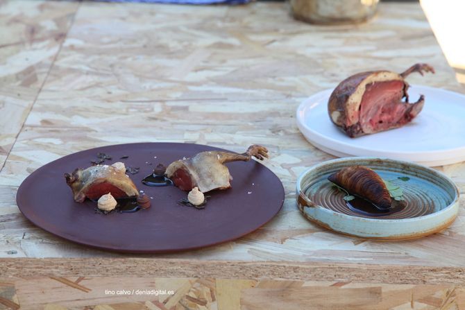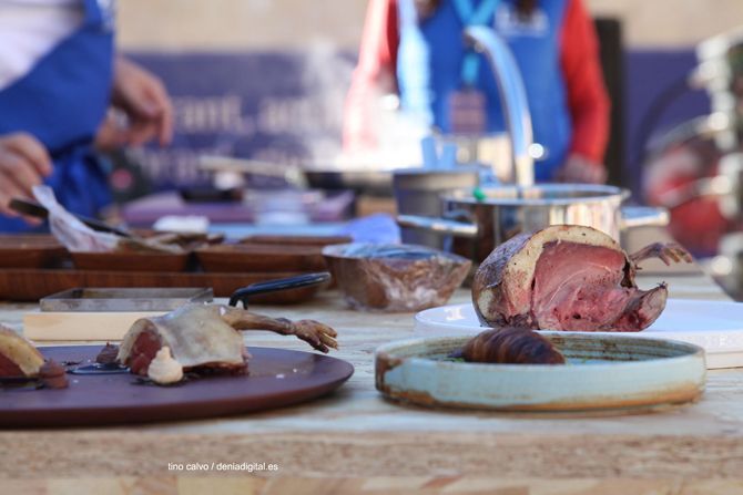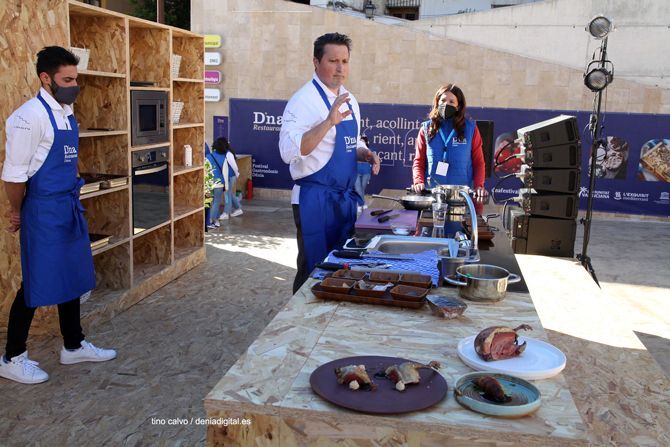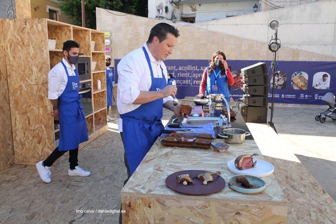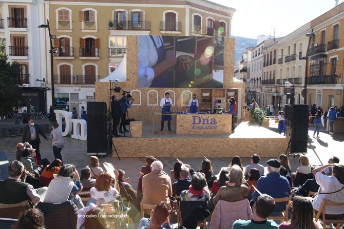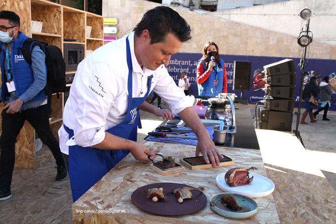 El cocinero tres estrellas Michelin y Comisario del DNA, Quique Dacosta clausuró el certamen con un showcooking en la plaza del Consell, en el que demostró sus dotes culinarias, con productos de la tierra y el mar. Unas preparaciones en las que no faltó la gamba roja de Dénia.
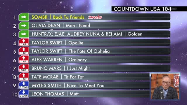 小林さんは、20歳の新星ソンバーが「Back To Friends」で2週連続の1位を獲得した快挙を伝えました。また、4位にランクインしたテイラー・スウィフトの新曲「Opalite」と、7位のブルーノ・マーズ「I Just Might」が1位を狙う注目の楽曲だと解説しました。
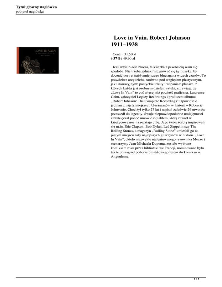 Tytuł główny nagłówka podtytuł nagłówka Love in Vain. Robert Johnson 1911–1938 Cena: 31.50 zł (-37%) 49.90 zł Jeśli uwielbiacie bluesa, ta książka z pewnością wam się spodoba. Nie trzeba jednak fascynować się tą muzyką, by docenić portret najsłynniejszego bluesmana wszech czasów. To prawdziwe arcydzieło, zarówno pod względem plastycznym, jak i narracyjnym; poetyckie teksty i wspaniałe plansze, z których każda jest osobnym dziełem sztuki, sprawiają, że „Love In Vain” to coś więcej niż powieść graficzna. Lawrence Cohn, założyciel Legacy Recordings i producent albumu „Robert Johnson: The Complete Recordings” Opowieść o jednym z najsłynniejszych bluesmanów w historii – Robercie Johnsonie. Choć żył tylko 27 lat i napisał zaledwie 29 utworów przeszedł do legendy. Swoje nieprawdopodobne umiejętności zawdzięczał ponoć umowie z diabłem, którą zawarł w księżycową noc na rozstaju dróg. Jego twórczością inspirowali się m.in. Eric Clapton, Bob Dylan, Led Zeppelin czy The Rolling Stones, a magazyn „Rolling Stone” umieścił go na piątym miejscu listy najlepszych gitarzystów w historii. „Love In Vain”, dzieło niezwykle utalentowanego rysownika Mezzo i scenarzysty Jean-Michaela Duponta, zostało wybrane komiksem roku przez biblioteki we Francji, nominowane było także do nagród podczas prestiżowego festiwalu komiksu w Angouleme. 1/1 Powered by TCPDF (www.tcpdf.org)
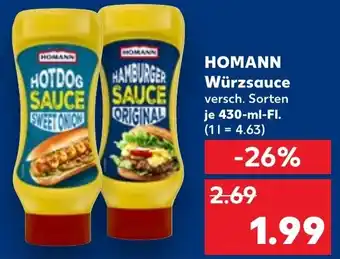 Diese Woche ist HOMANN Würzsauce bei Kaufland reduziert erhältlich. Hier finden Sie alle Informationen zu Preisen, Aktionsdetails und Laufzeit. Prüfen Sie weitere HOMANN Würzsauce Aktionen, um sicherzugehen, dass Sie den besten Preis erhalten. Die HOMANN Würzsauce Aktion gilt in Kalenderwoche 05. Nach Ablauf zeigen wir Ihnen vergleichbare Alternativen. Abonnieren Sie die Kategorie, um beim nächsten Mal direkt informiert zu sein, wenn HOMANN Würzsauce wieder reduziert ist.Häufig gestellte Fragen über HOMANN Würzsauce
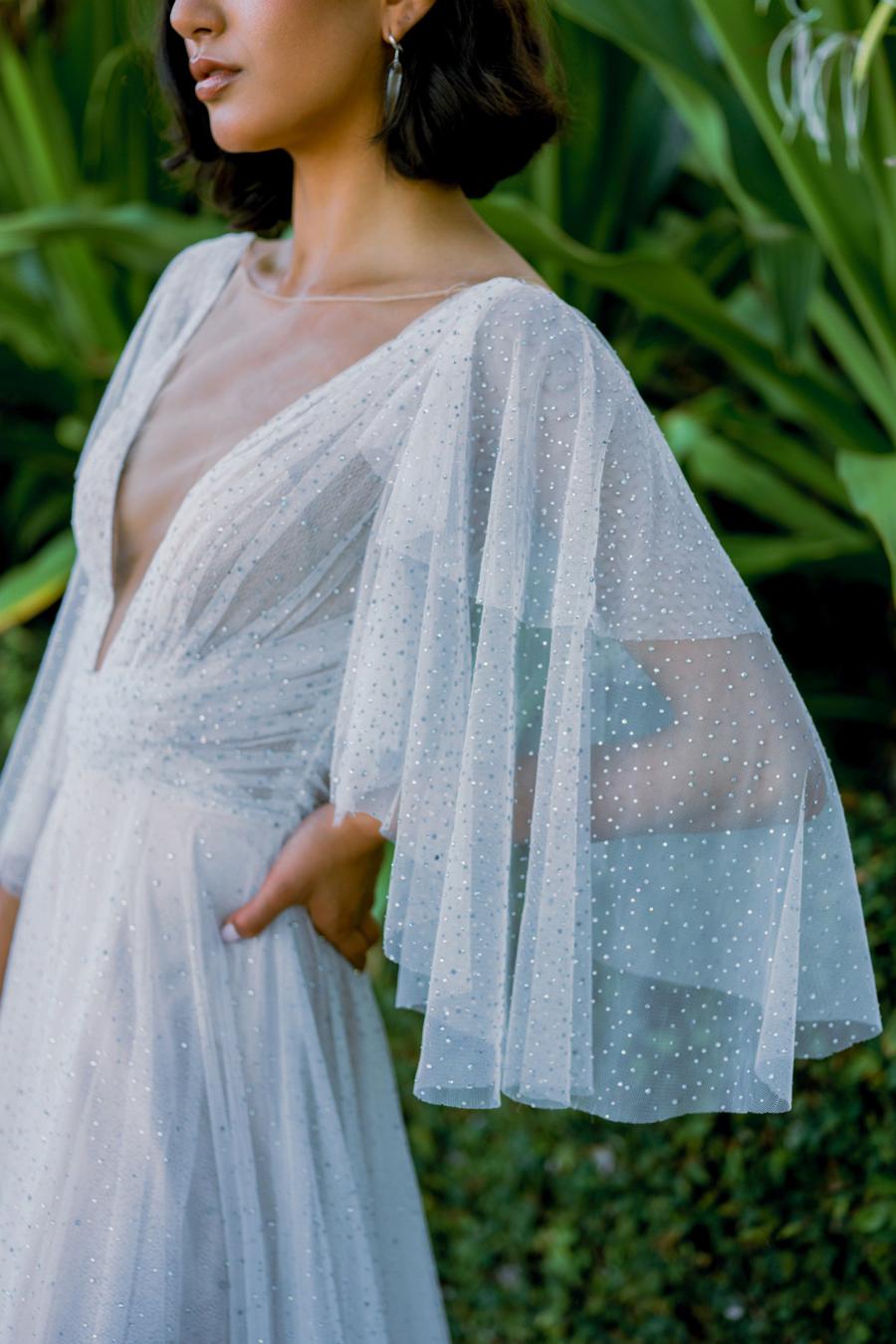A celestial masterpiece crafted to captivate hearts. Created from a blend of Galaxy Rhinestone Tulle, Illusion Tulle, and Haze Net, this gown is a symphony of ethereal textures and luminous sparkle.
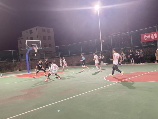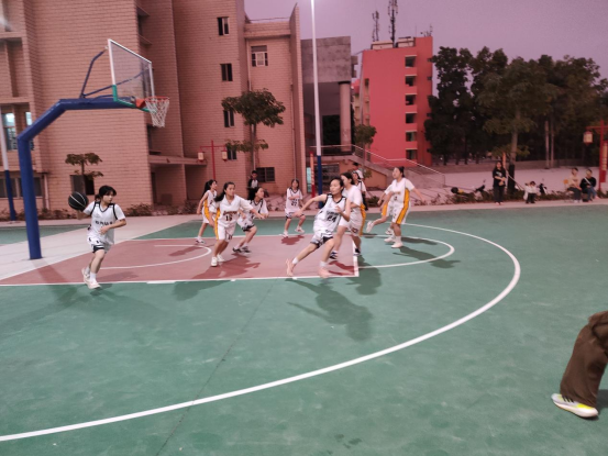 在赛场上球员们积极投入、全力以赴,每一次的运球、转身、变向、上篮都展示了球员们努力拼搏的精神,点燃了现场的火热气氛。在场外的啦啦队也不遗余力地为球员们加油助威!在比赛过程中,裁判员严肃认真地判决好每一个球,保障了比赛的公平、公开、公正。
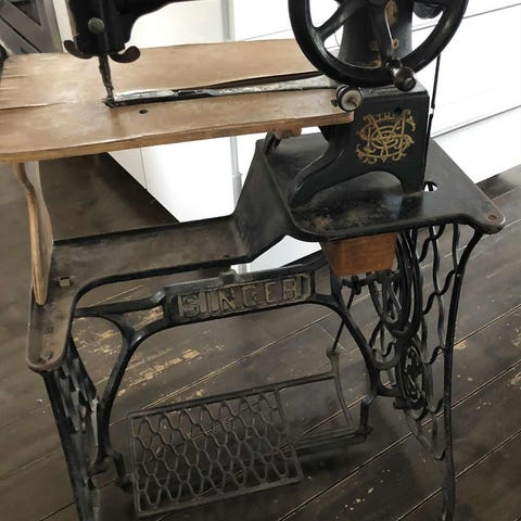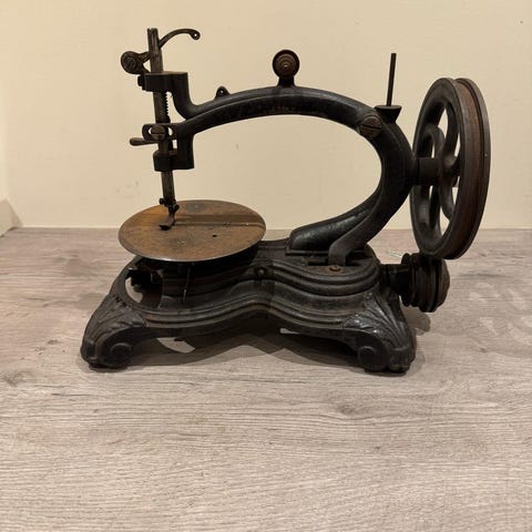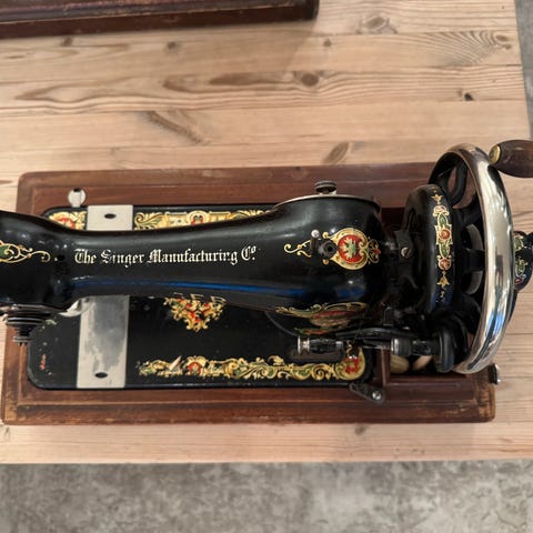 Antikke singer symaskin med dukke Et gammelt bord, en telefon og to lamper. og et gammelt strykejern Alt selges samlet Brukes til reklame Eller for samlere
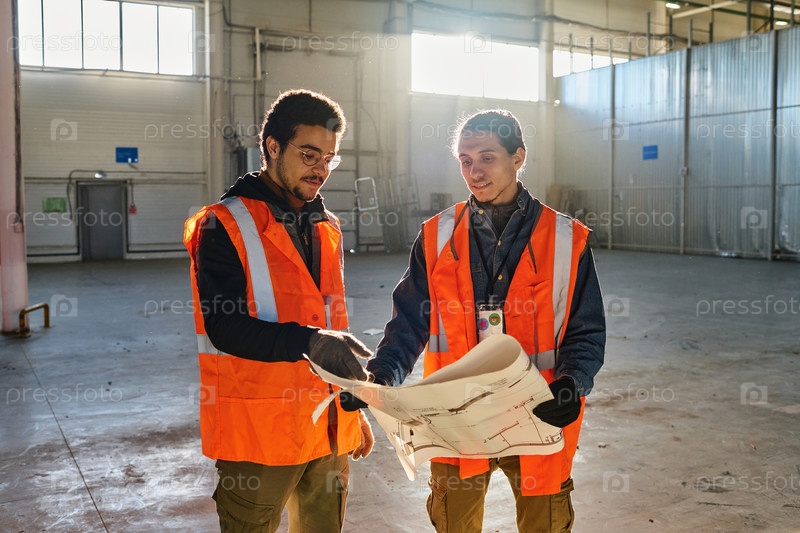 Молодой мультиэтнический инженер указывает на строительный план по чертежу
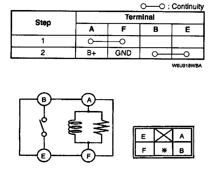 3. Check for continuity between the TNS relay terminals by using an ohmmeter.
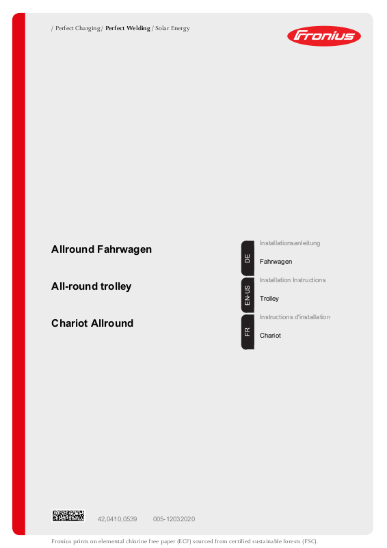 Fronius prints on elemental chlorine free paper (ECF) sourced from certified sustainable forests (FSC).
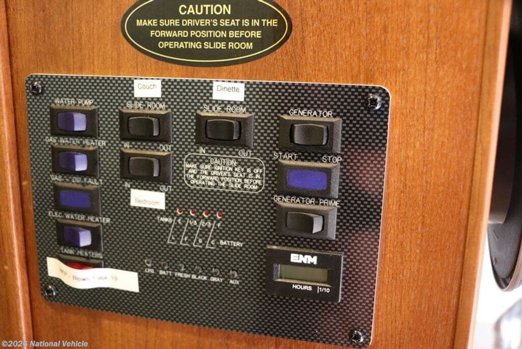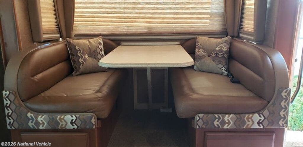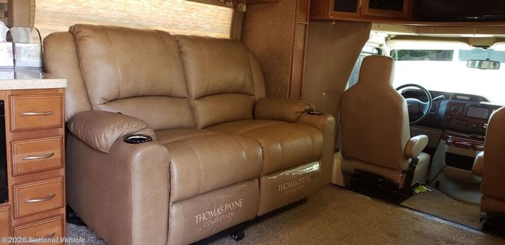 Step inside and find a wide open interior with dual opposing slides fully extended. There is a booth dinette slide to your immediate right as you enter. An entertainment center with 32" TV can be found above the cab area for your enjoyment, and a second slide out opposite the door features dual Thomas Payne recliners to relax on and enjoy along with a three burner range for cooking meals at.
----------
#### WHAT NEEDS TO BE DONE:
Everything in the material above should be reproduced exactly, except the pictures.

#### SOLVED EXERCISE:
 El cocinero tres estrellas Michelin y Comisario del DNA, Quique Dacosta clausuró el certamen con un showcooking en la plaza del Consell, en el que demostró sus dotes culinarias, con productos de la tierra y el mar. Unas preparaciones en las que no faltó la gamba roja de Dénia.
 小林さんは、20歳の新星ソンバーが「Back To Friends」で2週連続の1位を獲得した快挙を伝えました。また、4位にランクインしたテイラー・スウィフトの新曲「Opalite」と、7位のブルーノ・マーズ「I Just Might」が1位を狙う注目の楽曲だと解説しました。
 Tytuł główny nagłówka podtytuł nagłówka Love in Vain. Robert Johnson 1911–1938 Cena: 31.50 zł (-37%) 49.90 zł Jeśli uwielbiacie bluesa, ta książka z pewnością wam się spodoba. Nie trzeba jednak fascynować się tą muzyką, by docenić portret najsłynniejszego bluesmana wszech czasów. To prawdziwe arcydzieło, zarówno pod względem plastycznym, jak i narracyjnym; poetyckie teksty i wspaniałe plansze, z których każda jest osobnym dziełem sztuki, sprawiają, że „Love In Vain” to coś więcej niż powieść graficzna. Lawrence Cohn, założyciel Legacy Recordings i producent albumu „Robert Johnson: The Complete Recordings” Opowieść o jednym z najsłynniejszych bluesmanów w historii – Robercie Johnsonie. Choć żył tylko 27 lat i napisał zaledwie 29 utworów przeszedł do legendy. Swoje nieprawdopodobne umiejętności zawdzięczał ponoć umowie z diabłem, którą zawarł w księżycową noc na rozstaju dróg. Jego twórczością inspirowali się m.in. Eric Clapton, Bob Dylan, Led Zeppelin czy The Rolling Stones, a magazyn „Rolling Stone” umieścił go na piątym miejscu listy najlepszych gitarzystów w historii. „Love In Vain”, dzieło niezwykle utalentowanego rysownika Mezzo i scenarzysty Jean-Michaela Duponta, zostało wybrane komiksem roku przez biblioteki we Francji, nominowane było także do nagród podczas prestiżowego festiwalu komiksu w Angouleme. 1/1 Powered by TCPDF (www.tcpdf.org)
 Diese Woche ist HOMANN Würzsauce bei Kaufland reduziert erhältlich. Hier finden Sie alle Informationen zu Preisen, Aktionsdetails und Laufzeit. Prüfen Sie weitere HOMANN Würzsauce Aktionen, um sicherzugehen, dass Sie den besten Preis erhalten. Die HOMANN Würzsauce Aktion gilt in Kalenderwoche 05. Nach Ablauf zeigen wir Ihnen vergleichbare Alternativen. Abonnieren Sie die Kategorie, um beim nächsten Mal direkt informiert zu sein, wenn HOMANN Würzsauce wieder reduziert ist.Häufig gestellte Fragen über HOMANN Würzsauce
A celestial masterpiece crafted to captivate hearts. Created from a blend of Galaxy Rhinestone Tulle, Illusion Tulle, and Haze Net, this gown is a symphony of ethereal textures and luminous sparkle.
 在赛场上球员们积极投入、全力以赴,每一次的运球、转身、变向、上篮都展示了球员们努力拼搏的精神,点燃了现场的火热气氛。在场外的啦啦队也不遗余力地为球员们加油助威!在比赛过程中,裁判员严肃认真地判决好每一个球,保障了比赛的公平、公开、公正。
 Antikke singer symaskin med dukke Et gammelt bord, en telefon og to lamper. og et gammelt strykejern Alt selges samlet Brukes til reklame Eller for samlere
 Молодой мультиэтнический инженер указывает на строительный план по чертежу
 3. Check for continuity between the TNS relay terminals by using an ohmmeter.
 Fronius prints on elemental chlorine free paper (ECF) sourced from certified sustainable forests (FSC).
 Step inside and find a wide open interior with dual opposing slides fully extended. There is a booth dinette slide to your immediate right as you enter. An entertainment center with 32" TV can be found above the cab area for your enjoyment, and a second slide out opposite the door features dual Thomas Payne recliners to relax on and enjoy along with a three burner range for cooking meals at.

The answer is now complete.